The WDPCP gene in alcohol consumption, lipid metabolism, and liver cirrhosis

This study investigates the role of the WDPCP gene in alcohol consumption, lipid metabolism, and liver cirrhosis using genetic studies in model organisms and human data analysis.

In this study, we studied genes affecting alcohol consumption, liver function, and gene expression in C. elegans and Drosophila using mutations and RNA interference (RNAi).

We found changes in locomotion, sedative effects, ethanol consumption, and triacylglycerols (TAG) levels. In humans, we linked alcohol consumption to metabolites and liver disease, suggesting WDPCP's involvement in alcohol liver disease (ALD).

Why we need to understand the mechanisms of alcohol liver disease

This research project is essential because the biological pathways linking alcohol consumption to alcohol liver disease (ALD) are not fully understood. By identifying and studying genes that affect alcohol consumption, liver function, and gene expression, researchers can uncover the mechanisms behind ALD. This knowledge can lead to better prevention, diagnosis, and treatment strategies for ALD.

The project contributes to broader societal goals by addressing ALD's significant public health burden. Understanding these pathways can inform public health policies, reduce healthcare costs, and improve the quality of life for individuals affected by alcohol-related liver diseases. It can also help develop targeted therapies and interventions, ultimately reducing the incidence and severity of ALD.

Our research project stands out due to its comprehensive approach, combining genetic studies in model organisms (C. elegans and Drosophila) with human association, pathway, and Mendelian randomisation analyses. By using both C. elegans and Drosophila, the study leverages the strengths of different model organisms to uncover genetic and metabolic pathways relevant to ALD. The use of RNA interference (RNAi) and mutations to suppress gene expression in these organisms provides insights into the functional roles of specific genes in alcohol consumption and liver function.

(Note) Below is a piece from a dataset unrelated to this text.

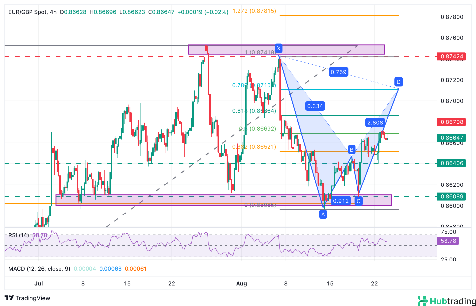 A developing Gartley harmonic pattern suggests that bulls may target the August 5 support zone around 0.8680 and the 61.8% Fibonacci retracement of the early August decline at 0.8685. A further move higher could bring the pair to test the 78.6% Fibonacci level just above 0.8700, a common target during corrective rallies.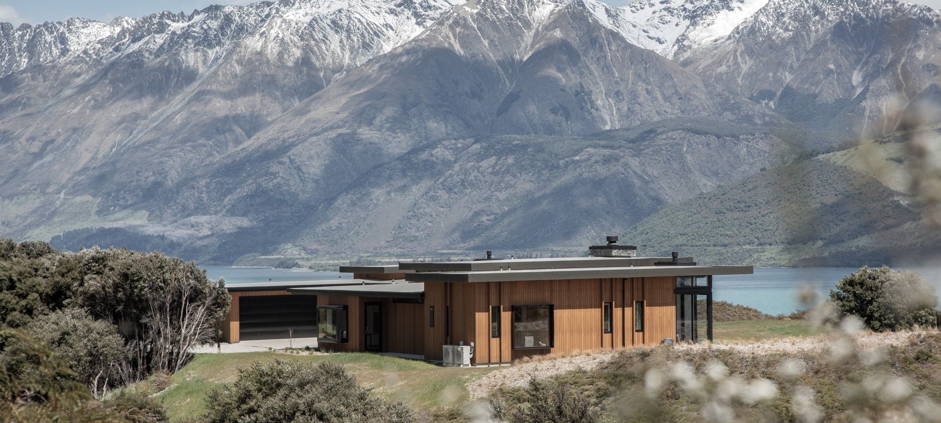 ArchiPro Project Summary - A unique architectural vision inspired by Richard Neutra, blending rustic Central Otago materials with Oriental pavilion designs, ensuring seamless integration with the surrounding landscape through durable, low-maintenance materials.

The integration of human genetic data with findings from model organisms allows for a more comprehensive understanding of how these genes and pathways operate in humans. The study's focus on metabolic changes and the identification of specific metabolites linked to alcohol consumption and liver disease adds a layer of biochemical understanding that is often missing in genetic studies.

Our approach

The biological pathways between alcohol consumption and alcohol liver disease (ALD) are not fully understood. We selected genes with known effects on alcohol consumption, liver function, and gene expression. Expression of the orthologs of these genes in Caenorhabditis elegans and Drosophila melanogaster was suppressed using mutations and/or RNA interference (RNAi).

In C. elegans, we found a reduction in locomotion rate after exposure to ethanol for RNAi knockdown of ACTR1B and MAPT. In Drosophila, we observed changes in the sedative effect of ethanol for RNAi knockdown of WDPCP, TENM2, GPN1, ARPC1B, and SCN8A, a reduction in ethanol consumption for RNAi knockdown of TENM2, and a reduction in triacylglycerols (TAG) levels for RNAi knockdown of WDPCP, TENM2, and GPN1.

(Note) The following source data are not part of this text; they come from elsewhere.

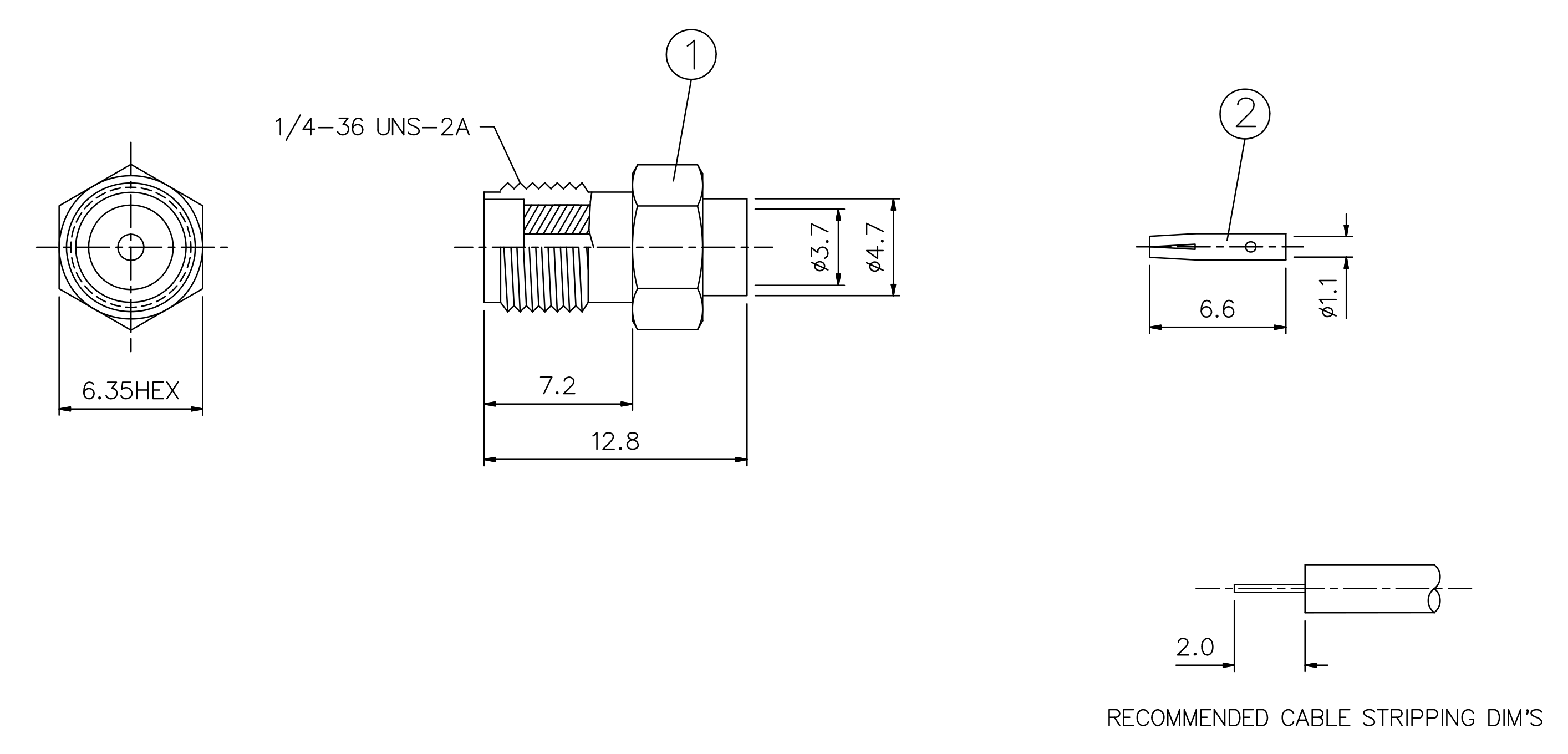 SMA(F) Straight Solder Type For Semi-rigid / flex.141 Cable Adapter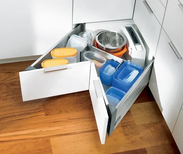 5. 取代傳統轉角小怪物拉籃,全展式抽屜,物品一目了然,拿取容易。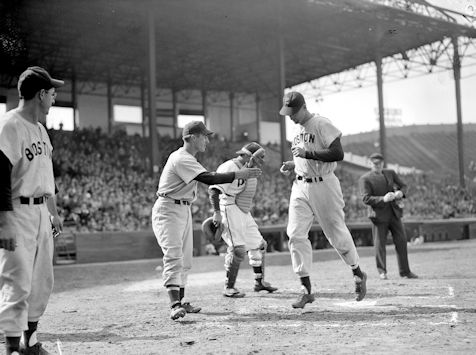 Williams started with a single to center off Sain against the "Williams Shift". He homered with two men on against Shoun in the second inning. The homer was a thing of beauty, according to the Red Sox players. On a 3-0 pitch, the ball was sent flying high and far over the centerfield barrier. The mark at that point is 390 feet and there's no telling how far it would've gone up in the centerfield bleachers at Fenway Park. Ted singled to left in the fifth inning, reached on an error in the eighth, and scored both times. He didn't hit one to right-field all afternoon against the shift. Williams' performance alone was almost sufficient to beat the Braves, but he had plenty of help as the Sox piled up 24 base hits of all types.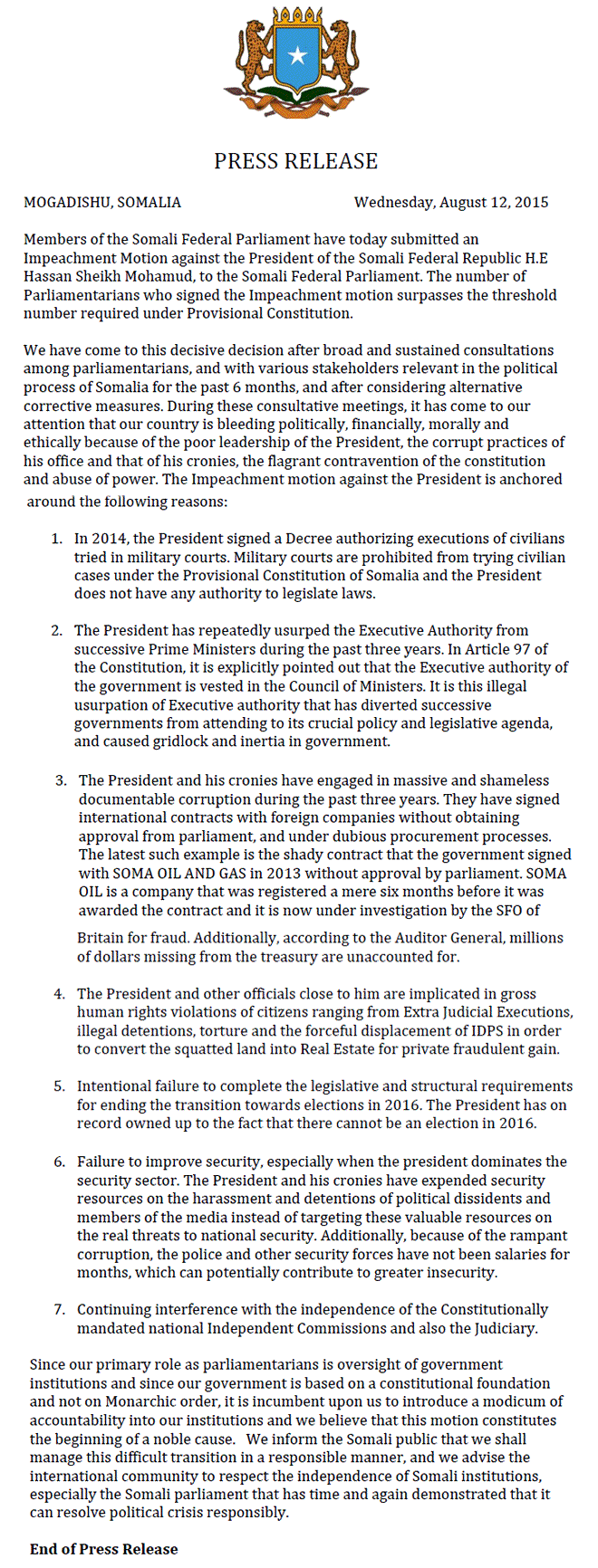 A motion has been lodged with the office of the parliamentary speaker and needs a Supreme Court ruling on its legality before it can be discussed in the assembly, Abdiweli Mohamed Qanyare, a lawmaker, said by phone.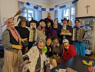 Auch 2025 stürmten die Hexen das Monheimer Rathaus. Im Vorzimmer des Bürgermeisters wurden die Hexen wie jedes Jahr gebührend empfangen und verköstigt, bevor sie nach einer Tanzrunde weiterzogen zur ihrer nächsten Station.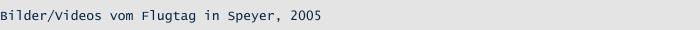 | Index | | | Beschreibung | | ------ | - | --------------------------------------------------------------------------------------- | | #1 | | | Hier gibts ein paar Videos von Hubschrauber Indoor Flügen (Wohnzimmer und so) | | #2 | | | Der Flugtag in Speyer (2005), diesmal richtige...keine Modelle | | #3 | | | Helitreffen 2009 bei Heidelberg | | #4 | | | Modellflugtreffen auf der Fuchs Ranch (2006) |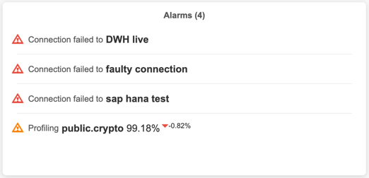 Alarms are created for failed connections, and for test suite or profilings which results/statuses have negatively changed compared to previous day.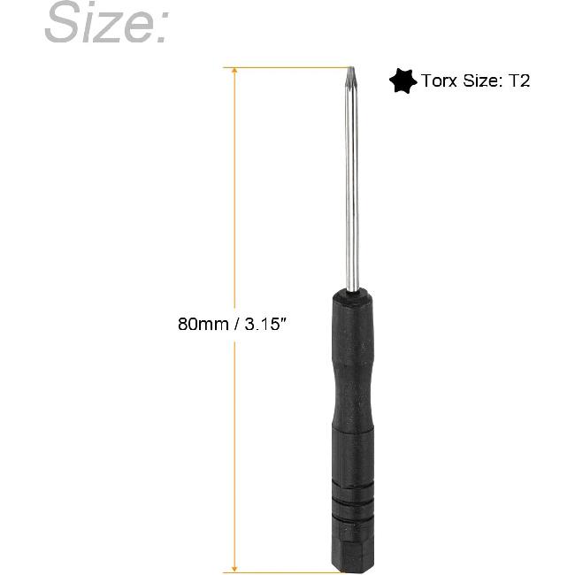Size - T2 torx head, 3.15" (80mm) total length. This screwdriver is a small screwdriver, suitable for handling some small screws, such as those used in electronic products, glasses, watches, etc.

In humans, association analysis, pathway analysis, and Mendelian randomisation analysis were performed to identify metabolic changes due to alcohol consumption. We observed a link between alcohol consumption and several metabolites, including TAG, and an enrichment of the candidate (alcohol-associated) metabolites within the linoleic acid (LNA) and alpha-linolenic acid (ALA) metabolism pathways. Additionally, we found a causal link between gene expression of WDPCP and liver fibrosis and liver cirrhosis. Our results imply that WDPCP might be involved in ALD.

Understanding the role of the WDPCP gene in alcohol consumption, lipid metabolism, and liver cirrhosis will provide valuable insights into the mechanisms behind ALD. This research could lead to improved prevention, diagnosis, and treatment strategies for ALD, ultimately reducing the public health burden and improving the quality of life for affected individuals.